This site contains information and resources related to Andrew Lampert's email text segmentation and classification research.
Our dataset consists of text spans annotated in 1000 email messages drawn at random from the Enron email corpus. We use the database dump of the Enron corpus (219Mb) released by Andrew Fiore and Jeff Heer. This version of the corpus has been processed to remove duplicate messages and to normalise sender and recipient names, resulting in just over 250,000 email messages. No attachments are included. Our annotations are made by a single annotator.
You can download our dataset by filling out the dataset request form.
Our annotated dataset is available as a set of database tables that link back to the message data in the Fiore and Heer dataset. Our annotated dataset includes the following tables:
- A unique id for each annotation record
- The id of the message from which this annotated line is extracted
- The character offset from the beginning of the message body text at which the marked span begins.
- The character offset from the beginning of the message body text at which the marked span ends.
- The id of the annotator.
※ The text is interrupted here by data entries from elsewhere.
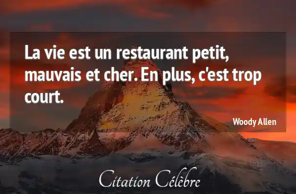 La vie est un restaurant petit, mauvais et cher. En plus, c'est trop court.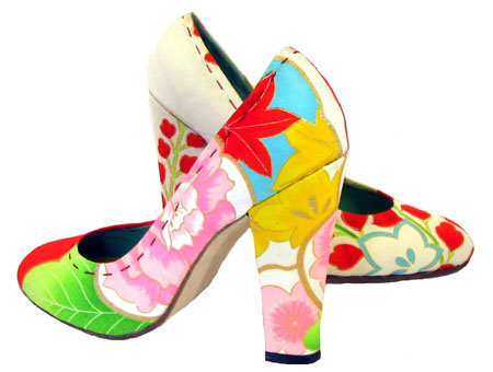 The concept of the company has grown from research and development I conducted during my degree. I was traveling in Japan 4 years ago and came across some tiny shops selling vintage kimono fabrics. These fabrics have already been un-picked and are panels, which lend themselves to shoe patterns. Therefore, I left my clothes in Japan and filled up my case with kimono fabrics and started to experiment with them in my workshop. I love it when I find a really beautiful piece of fabric. As the fabrics are one-offs they cannot be re-produced, so when I find something gorgeous, I have to do it justice by making it into something really wonderful. I go back each year to source more fabrics and be inspired by the beauty of the country.
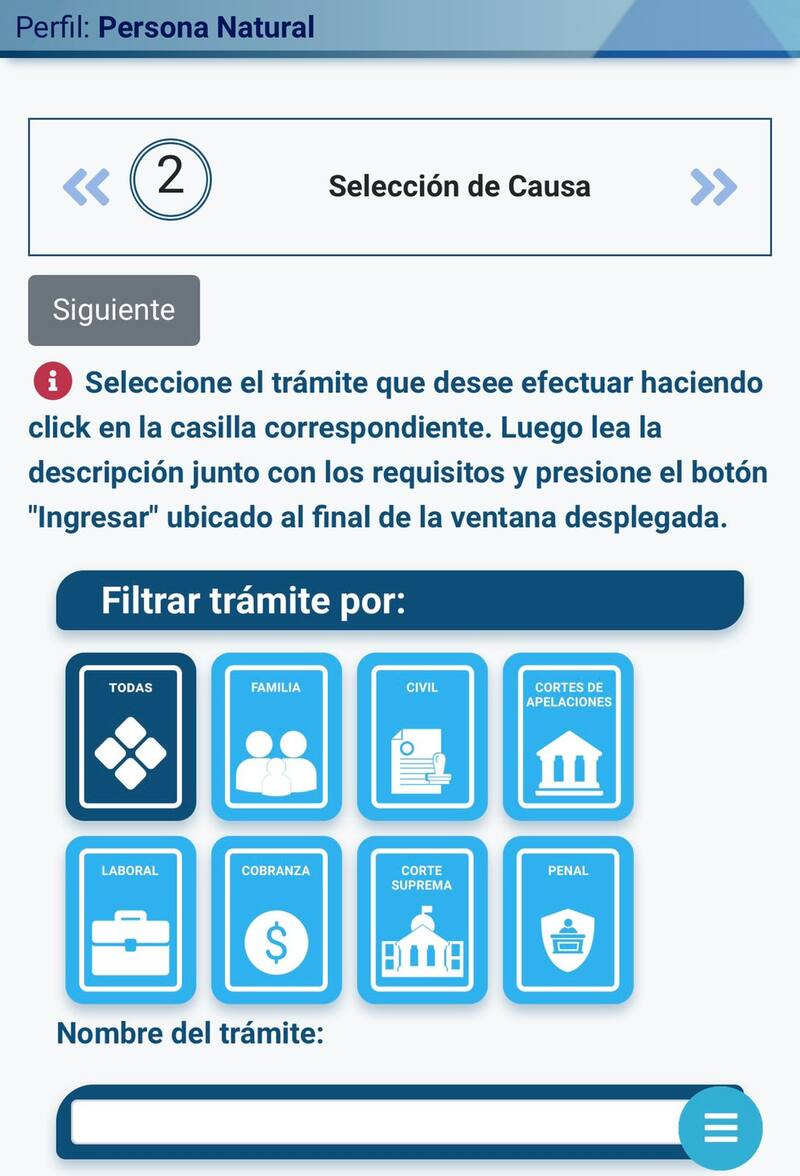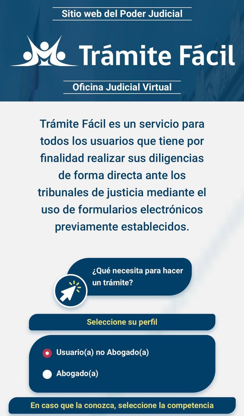 - Ingresar a la página web Trámite fácil del Poder Judicial, que permite seleccionar la opción, de acuerdo a lo que se desee efectuar.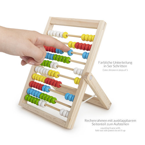 - Es de madera, incluidas las varillas por las que pasan las bolas (de 5 colores diferentes clásicos)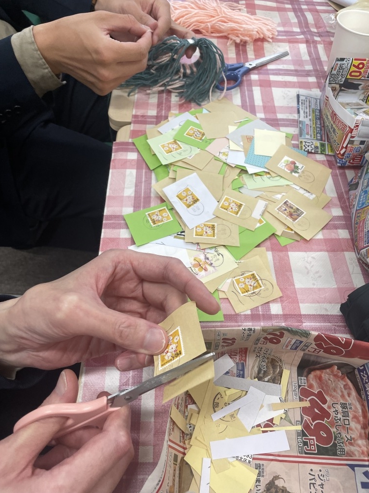切手切りの活動では、好きな絵柄や「こんな切手があったらいいな」といった話題、食べ物の絵柄から好きな食べ物の話へと会話が広がり、自然な交流が生まれました。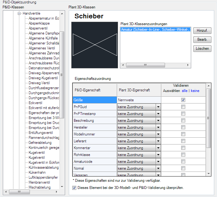 Um den Validierungsprozess so festzulegen, dass die Eigenschaften-Mappings dieses Elements ignoriert werden, deaktivieren Sie das Kontrollkästchen. Weitere Informationen zum Zuordnen und zur Validierung finden Sie unter "Wissenswertes über die Rolle von Tags bei der Validierung".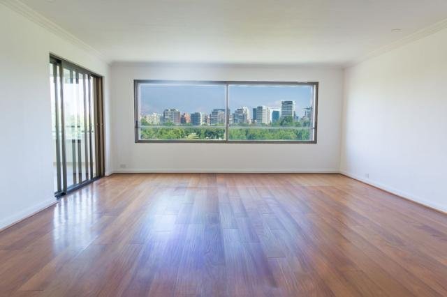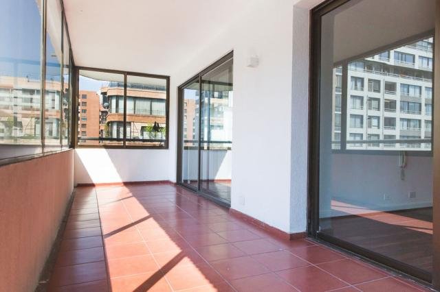 EXCELENTE DEPARTAMENTO RECIEN REMODELADO, ubicado en barrio prestigioso de Santiago, caminable a Parque Bicentenario y autopistas, servicios, bancos, restaurantes. EDIFICIO impecable estado, tradicional con acceso controlado y dos ascensores que llevan al piso, dos departamentos por piso, con orientación norte, oriente y sur, VISTA GOLF. Amplio hall de entrada y recibos grandes separados, ventanales con 3 vidrios para el ruido, gran terraza vidriada. Acceso con pisos de mármol, recibos y comedor con pisos de madera, amplia cocina con espacio para comedor de diario full equipada y amoblamiento nuevo, amplia loggia y recibos completos. Escritorio todo revestido en boiserie de madera natural de amplio tamaño, 3 dormitorios amplios, 2 baños, principal en suite amplia, walking closet y terraza con salida de dos de los dormitorios. 2 estacionamientos y 1 bodega. Código interno Procasa: 68806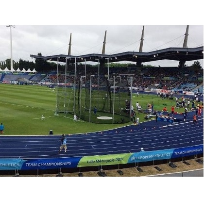 Alle Rahme sind von innen versärkt bis zu einer Höhe von 2.40m, ohne eine Brechpunkt. Netze (verrottungssicher, 5 mm Durchmesser, Polypropylene, 40 x 40 mm Maschen, sejr widerstandsfähig, schwarz, EN-1263-1 zertifiziert) verhindern das Abprallen und zurückprallen auf den Athleten oder über den Käfig. Entspricht I.A.A.F Regeln. Leicht zu bedienen mit Nylon Rollen. Geliefert mit Hülle und Netz. Hergestellt in EU.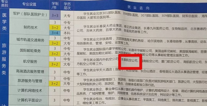 “旅游服务”类下设“航空服务” 到“长春航空公司”就业?!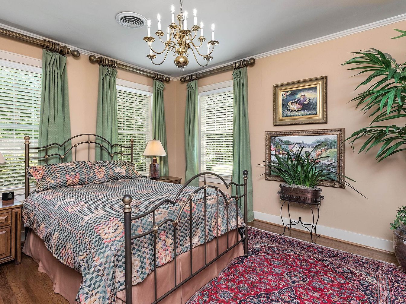 A cozy bedroom corner features a vintage wrought-iron bed centered between two large windows dressed with sage green curtains and white blinds, bathing the room in natural light. The walls are painted a warm beige, complemented by light wood side tables topped with table lamps. The bedding sports a traditional patchwork pattern with subtle florals in muted tones. A bold, richly patterned red Persian rug covers the hardwood floor, adding warmth and texture. Wall art, including framed paintings and decorative plants, enhance the classic and inviting atmosphere of this personal retreat. An ornate brass chandelier completes the elegant, historic decor.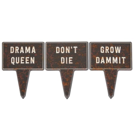 A set of 3 metal garden picks from our Garden Collection featuring fun plant care themed sentiments embossed on each to add character to a garden or individual potted plants. Sentiments read "Drama Queen," "Don't Die," and "Grow Dammit." Metal garden picks also feature rust finish for an aged appearance. Our Grow garden pick set is packaged in a protective poly bag and header card with hole for easy rack display and gifting. A fun everyday garden accent with a variety of display options.

In this , all annotations are made by two different annotators (userid=1 and 9).
- Timestamp of when the annotation was recorded.
- The zone annotation, encoded as an integer. The label corresponding to the annotation value can be found in the spantypes table.
- The text of the span that was highlighted and marked by the annotator.
- A unique id for each annotation type. These ids are the values stored in the annvalue field in the annotationspans table.
- The name of each annotation type (e.g., Request Only, Request and Commitment, Phatic Commitment).
Our annotated data is licensed under a Creative Commons Attribution-Noncommercial 2.0 Generic License.
If you make use of any of these resources, please cite one of the following papers:
Andrew Lampert, Robert Dale and Cécile Paris (2010) - Detecting emails containing requests for action, In Proceedings of Human Language Technologies: The 2010 Annual Conference of the North American Chapter of the Association for Computational Linguistics Processing (HLT/NAACL 2010), pp. 984-992, Los Angeles, USA.
Andrew Lampert, Robert Dale and Cécile Paris (2008) - Requests and Commitments in Email are More Complex Than You Think: Eight Reasons to be Cautious, In Proceedings of Australasian Language Technology Association Workshop, pp. 64-72. Hobart, Australia.
Andrew Lampert, Robert Dale and Cécile Paris (2008) - The Nature of Requests and Commitments in Email Messages, In Proceedings of EMAIL-08: the AAAI Workshop on Enhanced Messaging, pp. 42-47, Chicago, USA.